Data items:
──────────

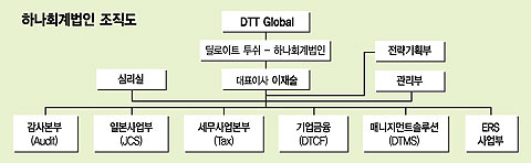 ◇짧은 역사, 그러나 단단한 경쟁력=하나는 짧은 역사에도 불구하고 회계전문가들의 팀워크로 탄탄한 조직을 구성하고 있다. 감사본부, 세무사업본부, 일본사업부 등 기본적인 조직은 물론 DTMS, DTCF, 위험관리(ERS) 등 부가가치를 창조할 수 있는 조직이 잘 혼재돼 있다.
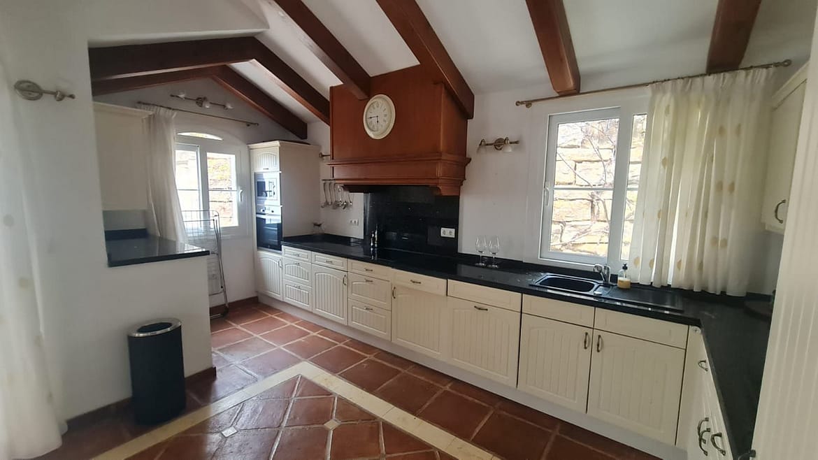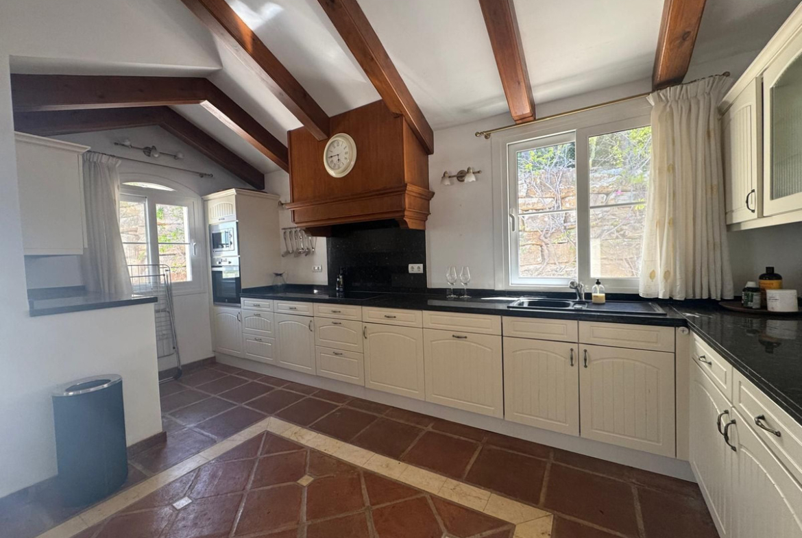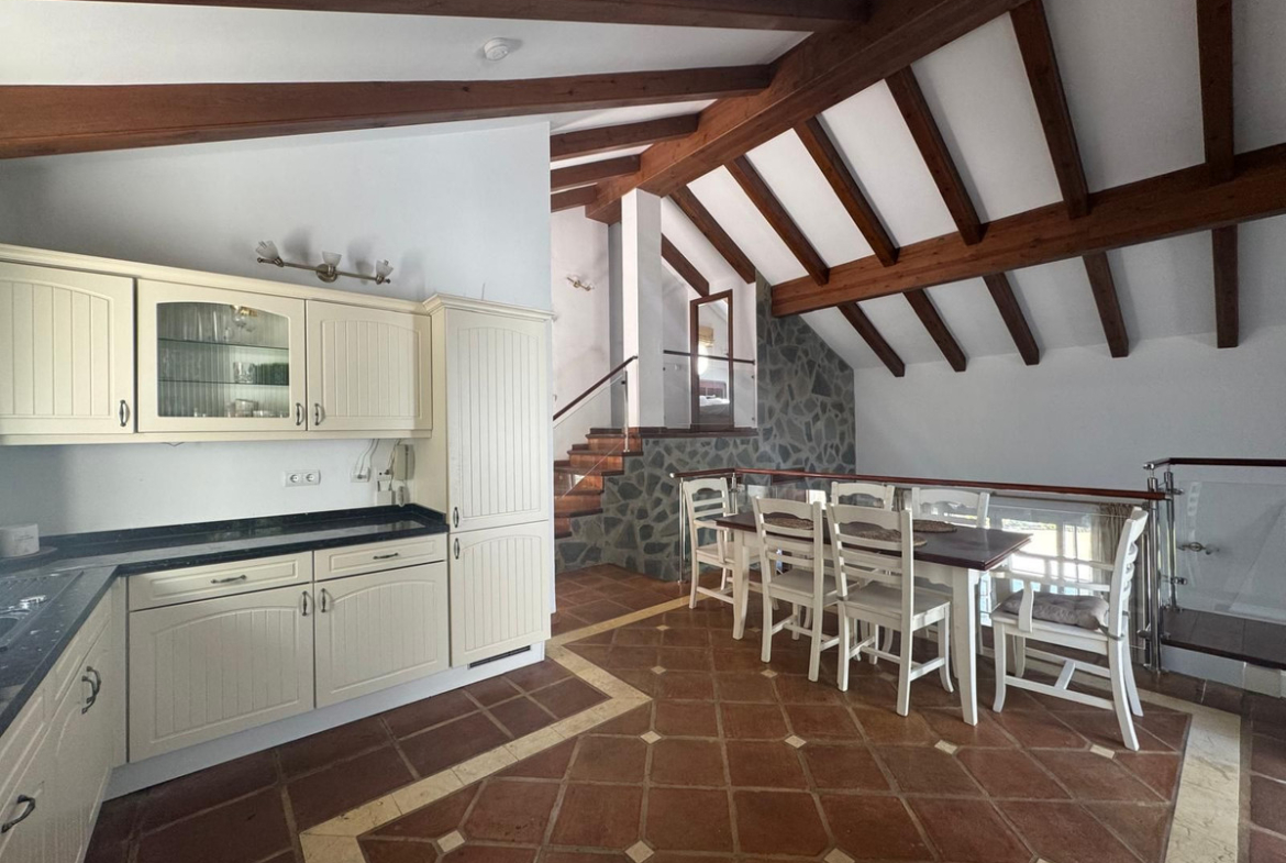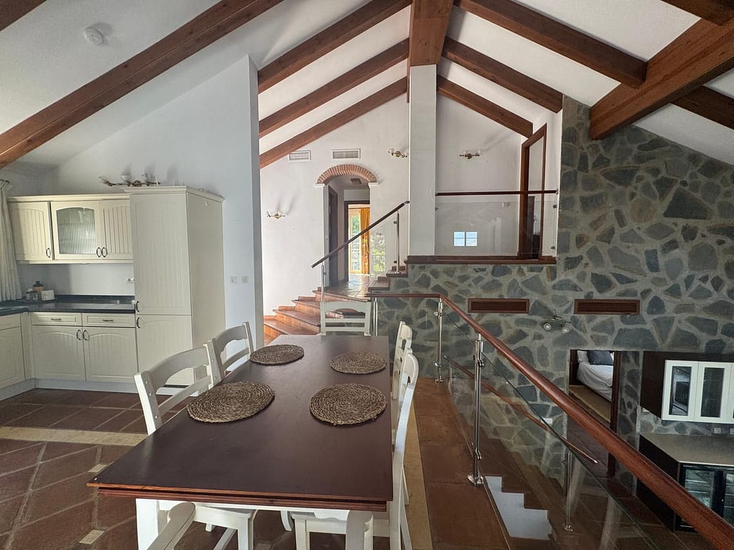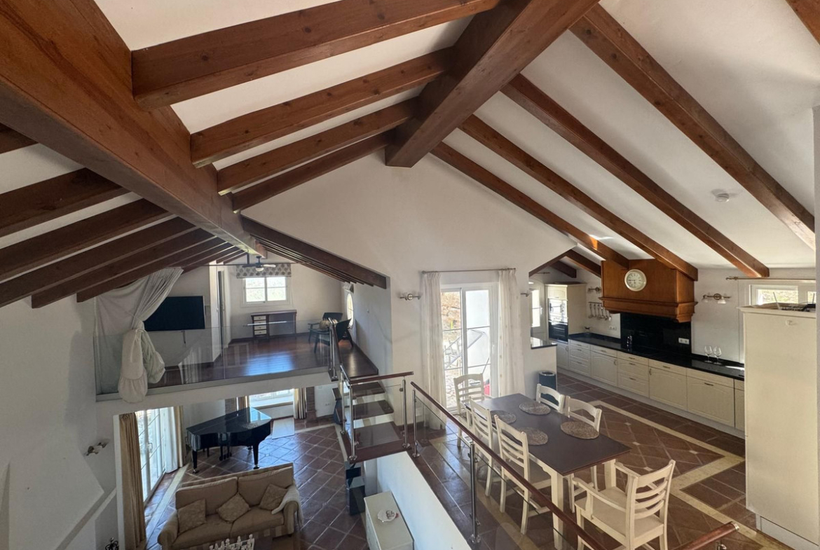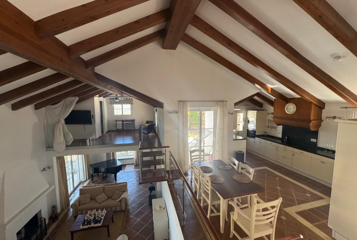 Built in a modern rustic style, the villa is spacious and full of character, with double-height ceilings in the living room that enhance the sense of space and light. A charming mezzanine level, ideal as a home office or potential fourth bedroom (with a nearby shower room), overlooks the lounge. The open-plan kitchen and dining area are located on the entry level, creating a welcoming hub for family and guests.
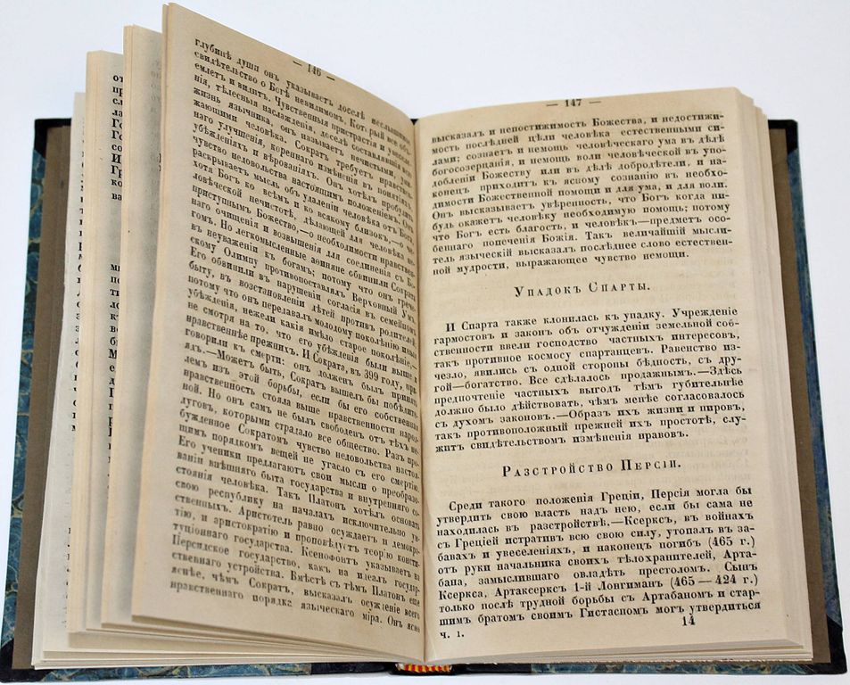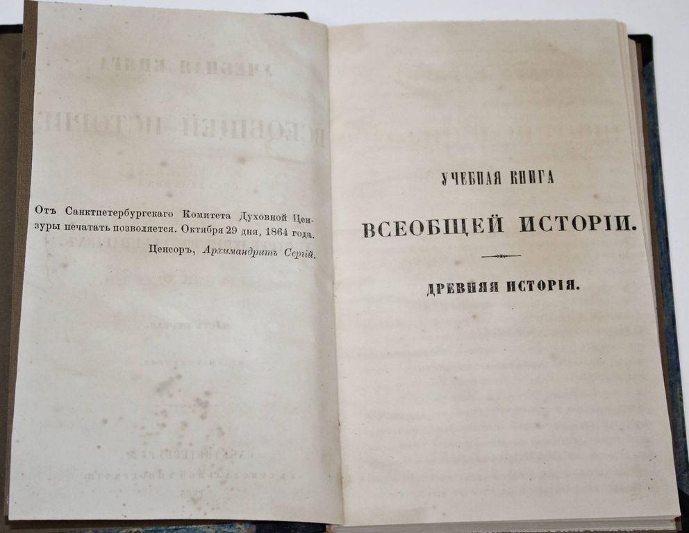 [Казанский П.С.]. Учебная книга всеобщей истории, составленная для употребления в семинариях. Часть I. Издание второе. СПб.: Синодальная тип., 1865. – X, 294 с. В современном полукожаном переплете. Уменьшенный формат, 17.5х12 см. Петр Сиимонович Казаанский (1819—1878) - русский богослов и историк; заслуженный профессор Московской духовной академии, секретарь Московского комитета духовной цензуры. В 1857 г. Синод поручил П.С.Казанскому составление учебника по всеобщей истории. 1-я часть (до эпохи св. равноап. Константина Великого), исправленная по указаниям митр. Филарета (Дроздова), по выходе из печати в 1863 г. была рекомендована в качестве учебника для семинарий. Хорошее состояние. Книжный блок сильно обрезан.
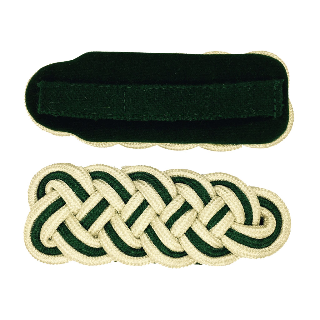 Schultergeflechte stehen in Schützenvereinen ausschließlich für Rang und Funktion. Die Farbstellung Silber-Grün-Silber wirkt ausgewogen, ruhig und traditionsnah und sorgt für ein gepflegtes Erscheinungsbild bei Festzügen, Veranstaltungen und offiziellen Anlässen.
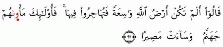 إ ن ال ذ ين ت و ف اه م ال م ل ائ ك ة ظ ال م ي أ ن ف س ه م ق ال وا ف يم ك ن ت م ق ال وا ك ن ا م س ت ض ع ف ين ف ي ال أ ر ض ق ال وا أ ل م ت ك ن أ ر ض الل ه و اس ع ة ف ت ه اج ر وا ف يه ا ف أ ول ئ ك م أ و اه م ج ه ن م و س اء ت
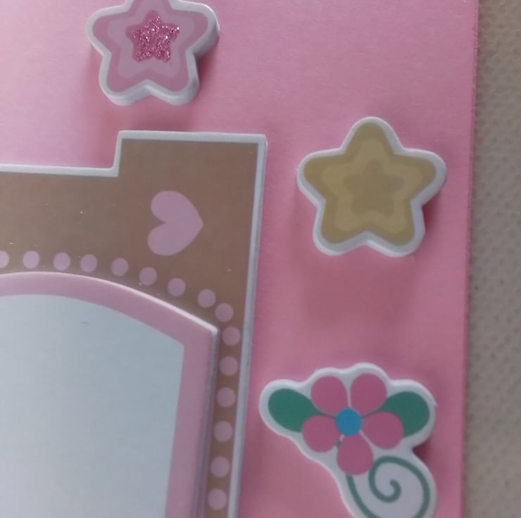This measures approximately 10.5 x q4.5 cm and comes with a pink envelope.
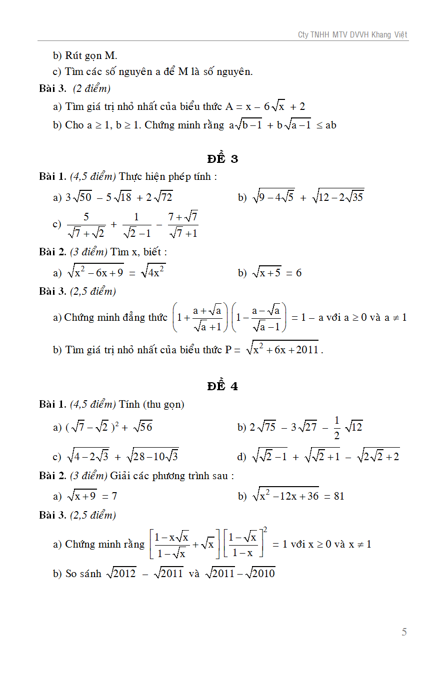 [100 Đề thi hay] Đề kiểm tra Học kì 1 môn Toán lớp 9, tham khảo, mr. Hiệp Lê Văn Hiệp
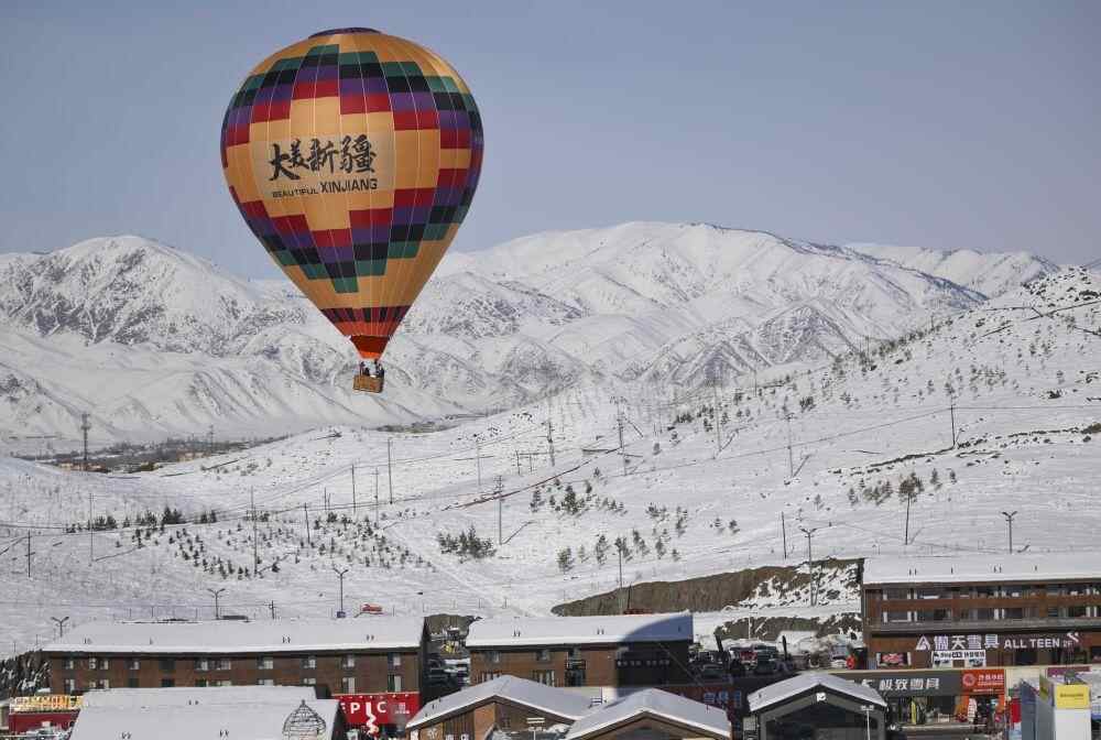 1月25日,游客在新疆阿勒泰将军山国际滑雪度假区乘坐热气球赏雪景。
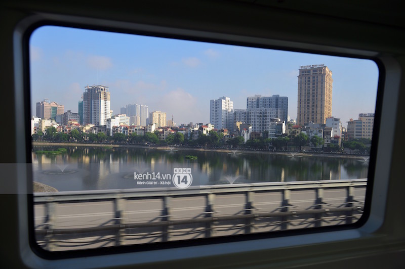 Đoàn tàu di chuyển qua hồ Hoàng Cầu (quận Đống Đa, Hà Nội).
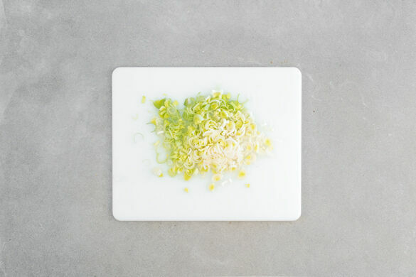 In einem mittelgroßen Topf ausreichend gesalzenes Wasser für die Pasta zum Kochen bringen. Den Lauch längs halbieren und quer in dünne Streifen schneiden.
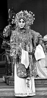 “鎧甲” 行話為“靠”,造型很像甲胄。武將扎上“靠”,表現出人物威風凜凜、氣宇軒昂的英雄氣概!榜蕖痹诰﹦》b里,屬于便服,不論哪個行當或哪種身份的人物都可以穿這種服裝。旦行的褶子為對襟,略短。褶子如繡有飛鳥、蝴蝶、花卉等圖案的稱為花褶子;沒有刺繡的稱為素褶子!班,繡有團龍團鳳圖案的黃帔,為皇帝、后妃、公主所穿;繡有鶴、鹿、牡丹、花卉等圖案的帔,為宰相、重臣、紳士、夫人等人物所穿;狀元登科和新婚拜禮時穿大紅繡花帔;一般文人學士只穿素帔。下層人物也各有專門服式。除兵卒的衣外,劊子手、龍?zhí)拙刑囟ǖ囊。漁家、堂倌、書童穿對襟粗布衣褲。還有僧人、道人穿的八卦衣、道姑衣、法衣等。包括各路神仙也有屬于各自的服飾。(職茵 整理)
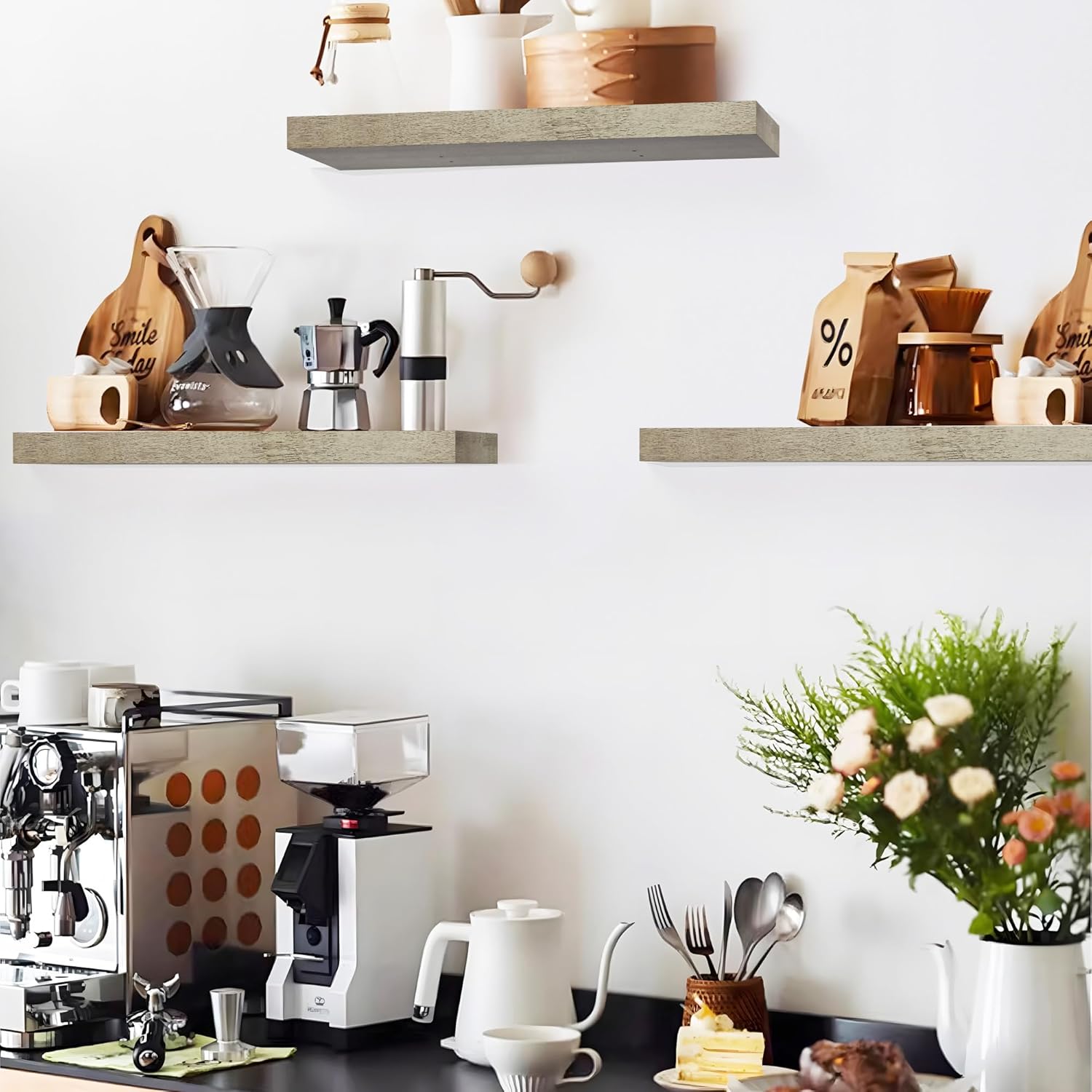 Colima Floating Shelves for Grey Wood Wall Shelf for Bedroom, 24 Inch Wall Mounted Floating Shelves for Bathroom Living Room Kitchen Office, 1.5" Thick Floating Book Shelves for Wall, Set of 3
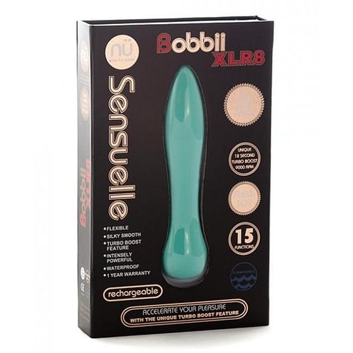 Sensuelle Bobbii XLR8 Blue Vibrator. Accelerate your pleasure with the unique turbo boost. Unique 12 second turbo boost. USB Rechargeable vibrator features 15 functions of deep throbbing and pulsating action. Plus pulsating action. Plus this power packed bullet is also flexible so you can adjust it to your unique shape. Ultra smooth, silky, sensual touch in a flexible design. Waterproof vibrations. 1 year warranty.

──────────

▶ **Task goal**
Each entry above needs to be restated without a single word changed; skip the images.

▶ **The completed task**
 ◇짧은 역사, 그러나 단단한 경쟁력=하나는 짧은 역사에도 불구하고 회계전문가들의 팀워크로 탄탄한 조직을 구성하고 있다. 감사본부, 세무사업본부, 일본사업부 등 기본적인 조직은 물론 DTMS, DTCF, 위험관리(ERS) 등 부가가치를 창조할 수 있는 조직이 잘 혼재돼 있다.
 Built in a modern rustic style, the villa is spacious and full of character, with double-height ceilings in the living room that enhance the sense of space and light. A charming mezzanine level, ideal as a home office or potential fourth bedroom (with a nearby shower room), overlooks the lounge. The open-plan kitchen and dining area are located on the entry level, creating a welcoming hub for family and guests.
 [Казанский П.С.]. Учебная книга всеобщей истории, составленная для употребления в семинариях. Часть I. Издание второе. СПб.: Синодальная тип., 1865. – X, 294 с. В современном полукожаном переплете. Уменьшенный формат, 17.5х12 см. Петр Сиимонович Казаанский (1819—1878) - русский богослов и историк; заслуженный профессор Московской духовной академии, секретарь Московского комитета духовной цензуры. В 1857 г. Синод поручил П.С.Казанскому составление учебника по всеобщей истории. 1-я часть (до эпохи св. равноап. Константина Великого), исправленная по указаниям митр. Филарета (Дроздова), по выходе из печати в 1863 г. была рекомендована в качестве учебника для семинарий. Хорошее состояние. Книжный блок сильно обрезан.
 Schultergeflechte stehen in Schützenvereinen ausschließlich für Rang und Funktion. Die Farbstellung Silber-Grün-Silber wirkt ausgewogen, ruhig und traditionsnah und sorgt für ein gepflegtes Erscheinungsbild bei Festzügen, Veranstaltungen und offiziellen Anlässen.
 إ ن ال ذ ين ت و ف اه م ال م ل ائ ك ة ظ ال م ي أ ن ف س ه م ق ال وا ف يم ك ن ت م ق ال وا ك ن ا م س ت ض ع ف ين ف ي ال أ ر ض ق ال وا أ ل م ت ك ن أ ر ض الل ه و اس ع ة ف ت ه اج ر وا ف يه ا ف أ ول ئ ك م أ و اه م ج ه ن م و س اء ت
This measures approximately 10.5 x q4.5 cm and comes with a pink envelope.
 [100 Đề thi hay] Đề kiểm tra Học kì 1 môn Toán lớp 9, tham khảo, mr. Hiệp Lê Văn Hiệp
 1月25日,游客在新疆阿勒泰将军山国际滑雪度假区乘坐热气球赏雪景。
 Đoàn tàu di chuyển qua hồ Hoàng Cầu (quận Đống Đa, Hà Nội).
 In einem mittelgroßen Topf ausreichend gesalzenes Wasser für die Pasta zum Kochen bringen. Den Lauch längs halbieren und quer in dünne Streifen schneiden.
 “鎧甲” 行話為“靠”,造型很像甲胄。武將扎上“靠”,表現出人物威風凜凜、氣宇軒昂的英雄氣概!榜蕖痹诰﹦》b里,屬于便服,不論哪個行當或哪種身份的人物都可以穿這種服裝。旦行的褶子為對襟,略短。褶子如繡有飛鳥、蝴蝶、花卉等圖案的稱為花褶子;沒有刺繡的稱為素褶子!班,繡有團龍團鳳圖案的黃帔,為皇帝、后妃、公主所穿;繡有鶴、鹿、牡丹、花卉等圖案的帔,為宰相、重臣、紳士、夫人等人物所穿;狀元登科和新婚拜禮時穿大紅繡花帔;一般文人學士只穿素帔。下層人物也各有專門服式。除兵卒的衣外,劊子手、龍?zhí)拙刑囟ǖ囊。漁家、堂倌、書童穿對襟粗布衣褲。還有僧人、道人穿的八卦衣、道姑衣、法衣等。包括各路神仙也有屬于各自的服飾。(職茵 整理)
 Colima Floating Shelves for Grey Wood Wall Shelf for Bedroom, 24 Inch Wall Mounted Floating Shelves for Bathroom Living Room Kitchen Office, 1.5" Thick Floating Book Shelves for Wall, Set of 3
 Sensuelle Bobbii XLR8 Blue Vibrator. Accelerate your pleasure with the unique turbo boost. Unique 12 second turbo boost. USB Rechargeable vibrator features 15 functions of deep throbbing and pulsating action. Plus pulsating action. Plus this power packed bullet is also flexible so you can adjust it to your unique shape. Ultra smooth, silky, sensual touch in a flexible design. Waterproof vibrations. 1 year warranty.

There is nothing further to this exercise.